将csv文件'domains_prices.csv'与一列域进行比较，然后为每个文件确定价格：

http://www.example1.com,$20
http://www.example2.net,$30

等等

然后是第二个文件'orders_list.csv'，它只是来自第一个文件中列出的相同域的一列博客帖子，例如：

http://www.exmaple2.net/blog-post-1
http://www.example1.com/some-article
http://www.exmaple3.net/blog-post-feb-19

等等

我需要检查orders_list中针对第一个文件中的域的完整网址，并检查该域上博客帖子的价格是多少，然后将所有博客帖子网址输出到新文件中，每个文件的价格都是例如：

http://www.example2.net/blog-post-1, $20

然后在输出文件的末尾会有一个总金额。

我的计划是为domain_prices创建一个dict，其中k，v为domain＆amp; price然后将list_list中的所有url放在列表中，然后将该列表的元素与dict中的价格进行比较。

这是我的代码，我坚持到最后，我有parsed_orders_list，它似乎将所有网址作为单个列表返回，所以我想我应该把所有这些网址放在一个列表中？

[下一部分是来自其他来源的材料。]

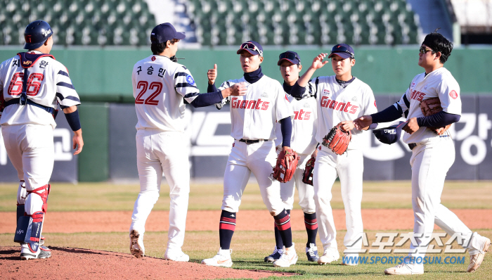 '40억 투수' 한현희는 이날 선발로 나섰다. 4이닝 동안 두산 타선을 단 2안타로 꽁꽁 묶으며 기선을 제압했다. 직구와 슬라이더 2피치가 잘 먹혔다. 최고 144㎞의 직구에 곁들여진 130㎞ 미만의 느린 슬라이더 궁합이 잘 맞았다. 올해부터 롯데에 합류한 포수 이정훈은 한현희의 호투를 이끄는 한편, 양찬열의 도루를 멋지게 저지했다.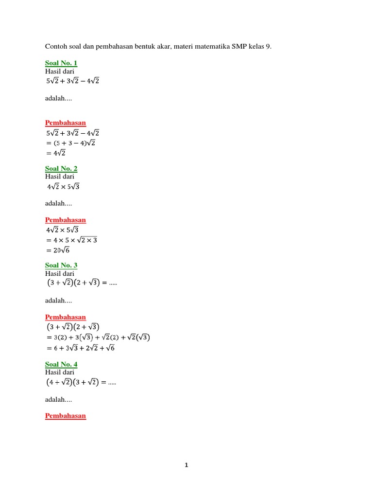 Kumpulan Soal Bentuk Pangkat Dan Akar
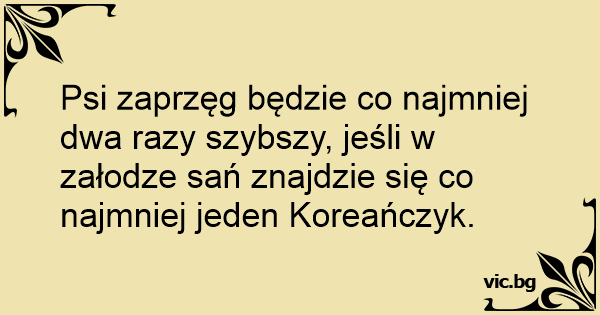 Psi zaprzęg będzie co najmniej dwa razy szybszy, jeśli w załodze sań znajdzie się co najmniej jeden Koreańczyk.
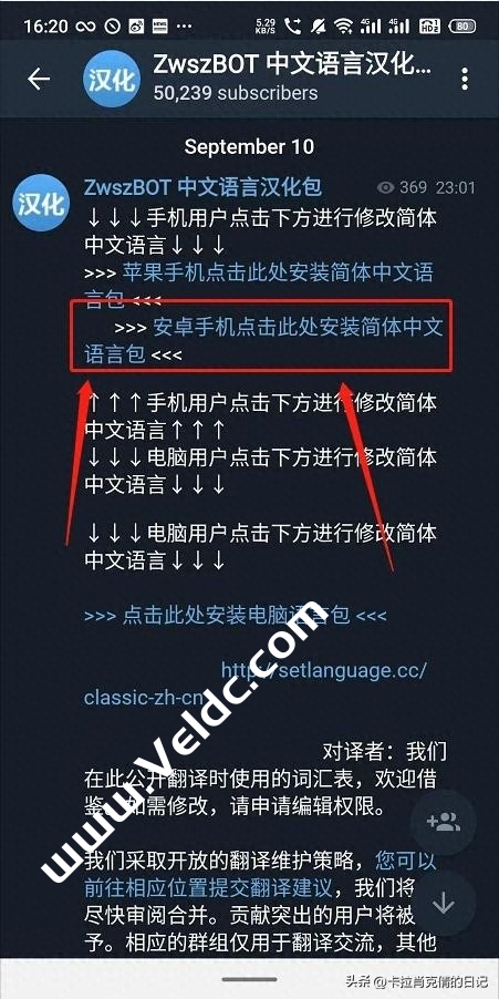 选择红框标注的频道进入,后面会发现下图的场景,点击“安卓手机中文语言包”,如果没有找到这一栏,往上翻,可能消息太多给占屏了,找到红框标注的内容后,点击进入。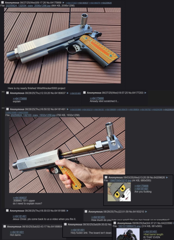 https://youtu.be/hZ1orxXV2GsI wonder what anon is planning next after the 50bmg 1911 and the dildo suppressors
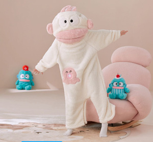 搞怪丑鱼珊瑚绒儿童连体睡衣丑鱼冬加绒保暖可爱中大童卡通家居服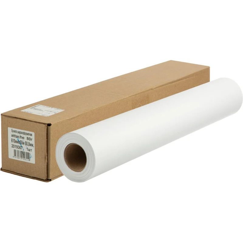 Бумага широкоформатная Attache 80г 610ммх50м 50,8мм Широкоформатная бумага ProMEGA , предназначенная для печати технической документации, инженерной и деловой графики. Совместима со струйными черно-белыми плоттерами и принтерами НP, Сanon, Еpson, Xerox. Бумажное полотно белизной (100%) имеет размер 610 мм, что соответствует формату А1. Защитная полиэтиленовая пленка на упаковке сохраняет форму рулона и позволяет поддерживать нормальный уровень влажности. Длина рулона - 50 м. Рекомендована ведущими производителями печатающей техники.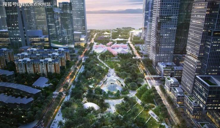 项目南边的滨海大道一段长约1.56公里的道路“隐身”于地下,扩大了城市绿化与空间营造,地面连通深圳湾超级总部基地和深圳湾公园的上盖中央绿轴,届时建成,最网红的城市公园“深圳湾公园”,引入深超总。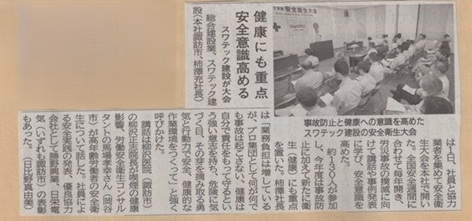 そのために7月の安全衛生大会では産業医の柳沢医院・院長、柳澤正志先生にきていただき「タバコの害、真剣に考えたことありますか?」というテーマでお話をしていただきました。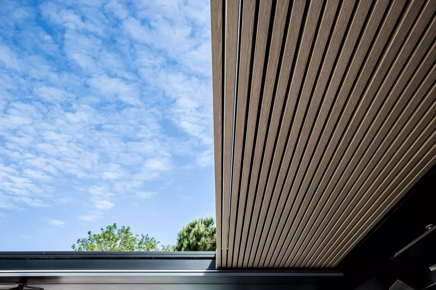 Openschuifbare lamellen als overkapping De Camargue Skye geeft je een open maar tegelijk geborgen gevoel. De aluminium lamellen in het dak van de overkapping kun je naar wens kantelen en zelfs volledig openschuiven dankzij de S-drive-technologie. Deze terrasoverkapping met verschuifbaar dak is dus ideaal om in de winter maximaal zonlicht binnen te laten en in de zomer de volle sterrenhemel te kunnen bewonderen. Wanneer het moet, houden de dubbelwandige lamellen regen, sneeuw en wind met gemak tegen. Voor de ideale zoninval kantel je de lamellen in de overkapping naar wens en op hete dagen kan de warme lucht zo gemakkelijk ontsnappen. Deze overkapping is niet alleen erg functioneel, ze heeft ook heel strakke looks. Alle bedradingen, verankeringen en waterafvoeren zijn onzichtbaar weggewerkt. De terrasoverkapping met verschuifbaar dak kan zowel vrijstaand als aan de gevel worden gemonteerd. De mogelijkheden tot personaliseren zijn legio. Kies bijvoorbeeld voor windvaste screens , Loggia of glazen schuifpanelen als zij-element. Of maak het aangenaam gezellig met led-verlichting en een muziek- of verwarmingsinstallatie .

最后注释掉的代码最后是我打算做的操作，一旦我有正确的网址列表，将它们与dict的k，v进行比较，我不确定这是否也正确。

请注意这也是我第一次从头开始创建的每个完整的python程序，所以如果它的可怕性那就是为什么：）

import csv
from urlparse import urlparse

#get the csv file with all domains and prices in
reader = csv.reader(open("domains_prices.csv", 'r'))

#get all the completed blog post urls
reader2 = csv.reader(open('orders_list.csv', 'r'))

domains_prices={}


orders_list = []




for row in reader2:
    #put the blog post urls into a list
    orders_list.append(','.join(row))


for domain, price in reader:
    #strip the domains
    domain = domain.replace('http://', '').replace('/','')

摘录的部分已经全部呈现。